Everything we put off is a way to delay joy and prolong suffering.

One of my high school teachers often said, “don’t put off to tomorrow what you can easily accomplish today.” Then, he was referring to my schoolwork. Now, it is a way of life.

The thing is, accomplishment is more potent than motivation.

When we complete even the most mundane task (even begrudgingly), we move closer to joy in that moment. When we move closer to joy, we tap into motivation. Positive feelings give us the momentum to do more positive work.

In this sense, waiting to be motivated can mean you’ll be waiting a long time – sometimes waiting until it’s too late. If your M.O. is to wait for motivation, than your key motivator is some form of stress. Stress that you’ll have late fees applied to your bills. Stress that you can’t fit into your jeans. Stress that you’ve let your relationship die and now must salvage it. Stress that you haven’t delivered on a project and could get fired.

Living with stress as our primary motivator means we’re always living behind our integrity and beneath our potential. It means we’re dependent upon stress to get going, taxing our nervous system on a regular basis and squashing joy and peacefulness.

When this cycle of anxiety kills our access to joy, our paralysis takes the form of depression. Even tiny, little depressions like the unpaid registration sitting on your desk or the bag of clothes ready for the dry cleaner have an impact.

Look around your home, your car, your office.
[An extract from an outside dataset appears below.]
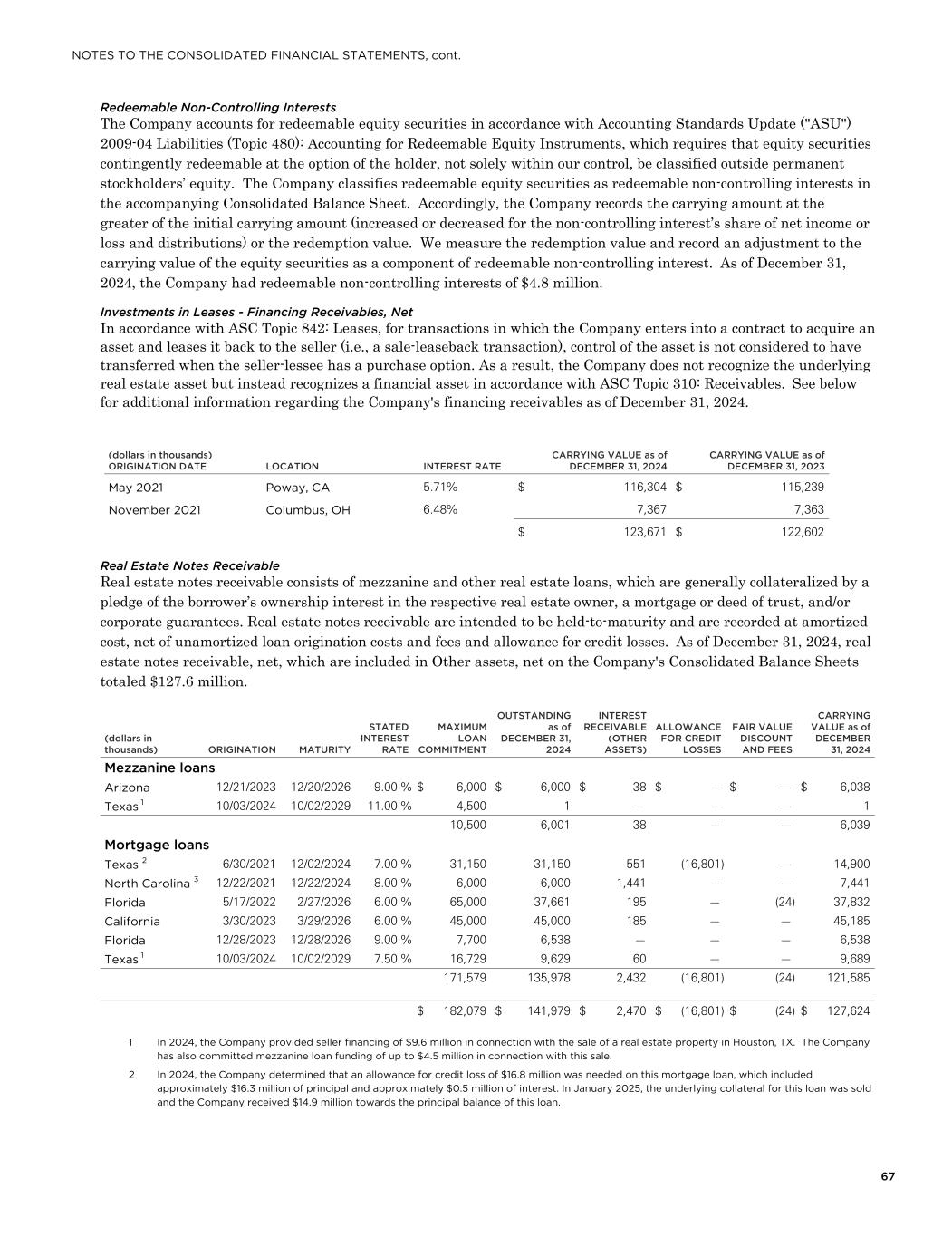 可赎回非控股权益公司根据会计准则更新(“ASU”)2009-04会计准则对可赎回权益证券进行会计处理负债(主题480):对可赎回权益工具进行会计处理,这要求持有人可选择的或有可赎回的权益证券,而不仅仅是在我们的控制范围内,被分类到永久股东权益之外。公司在随附的综合资产负债表中将可赎回股本证券分类为可赎回非控制性权益。据此,公司按初始账面值(非控股权益在净收益或亏损及分配中所占份额的增加或减少)或赎回价值两者中较高者记录账面值。我们衡量赎回价值,并将权益证券的账面价值调整记录为可赎回非控股权益的组成部分。截至2024年12月31日,公司可赎回的非控股权益为480万美元。租赁投资-应收融资款,净额按照ASC主题842:租赁,对于公司订立收购资产合同并将其租回给卖方的交易(即售后回租交易),当卖方-承租人拥有购买选择权时,该资产的控制权不被视为已转移。因此,公司不确认标的房地产资产,而是按照ASC主题310:应收账款确认一项金融资产。有关公司截至2024年12月31日应收融资款的更多信息,请参见下文。(单位:千美元)起始日期位置利率截至2024年12月31日的账面价值截至2023年12月31日的账面价值2021年5月Poway,加利福尼亚州 5.71% $ 116,304 $ 115,2392021年11月Columbus,OH 6.48% 7,3677,363 $ 123,671 $ 122,602房地产应收票据房地产应收票据包括夹层和其他房地产贷款,通常以借款人在各自房地产所有者的所有权权益质押、抵押或信托契据和/或公司担保作抵押。房地产应收票据拟持有至到期,按摊余成本入账,扣除未摊销的贷款发起成本和费用以及信用损失准备金。截至2024年12月31日,公司合并资产负债表中计入“其他资产”的房地产应收票据净额总计1.276亿美元。(单位:千美元)来源到期说明利率截至2024年12月31日未偿还的贷款承诺应收利息(其他资产)信用损失准备公允价值贴现和截至12月31日的费用账面价值,2024夹层贷款Arizona 12/21/202312/20/20269.00% $ 6,000 $ 6,000 $ 6,000 $ 38 $ — $ — $ 6,038 Texas 110/03/202410/02/202911.00% 4,5001 ———— 110,5006,00138 —— 6,039抵押贷款Texas 26/30/202112/02/20247.00% 31,15031,150551(16,801)— 14,900 North Carolina 312/22/202112/22/20248.00% 6,0006,0001,441 —— 7,441 Florida 5/17/20222/27/20266.00% 65,00037,661195 —(24)37,832 California 3/30/20233/29/20266.00% 45,10/03/202410/02/20297.50% 16,7299,62960 —— 9,689171,579135,9782,432(16,801)(24)121,585 $ 182,079 $ 141,979 $ 2,470 $(16,801)$(24)$ 127,6241在2024年,公司就出售德克萨斯州休斯顿的一处房地产向卖方提供了960万美元的融资。该公司还承诺为此次出售提供高达450万美元的夹层贷款资金。22024年,公司确定这笔抵押贷款需要1680万美元的信贷损失准备金,其中包括约1630万美元的本金和约50万美元的利息。2025年1月,这笔贷款的基础抵押品被出售,公司收到了这笔贷款本金余额1490万美元。合并财务报表附注,续。67

What has become invisible in its stagnation? What has become a fixture that was never intended? How have these little depressions built up, clogging the flow of creativity and integrity in your life?

In this setup, the motivator is avoiding pain. What if your motivation could be feeling joy? Take inventory of the way you accomplish tasks and execute deliverables: How often are you acting to avoid or alleviate pain? How often are you acting to cultivate or prolong peace?

Free Yourself

Every one of us has limitless creative potential. To access and unleash that potential freely, we must first free ourselves from the snags and binds of our little depressions. We’re all patterned into our own bad habits.

You can shift out of a life fueled by stress (I need to pay my rent, I can’t get fired, she can’t get mad at me) and into a life aligned with peace and joy (I do this because it’s right, I am grateful for my work, I take pride in my home, I love him).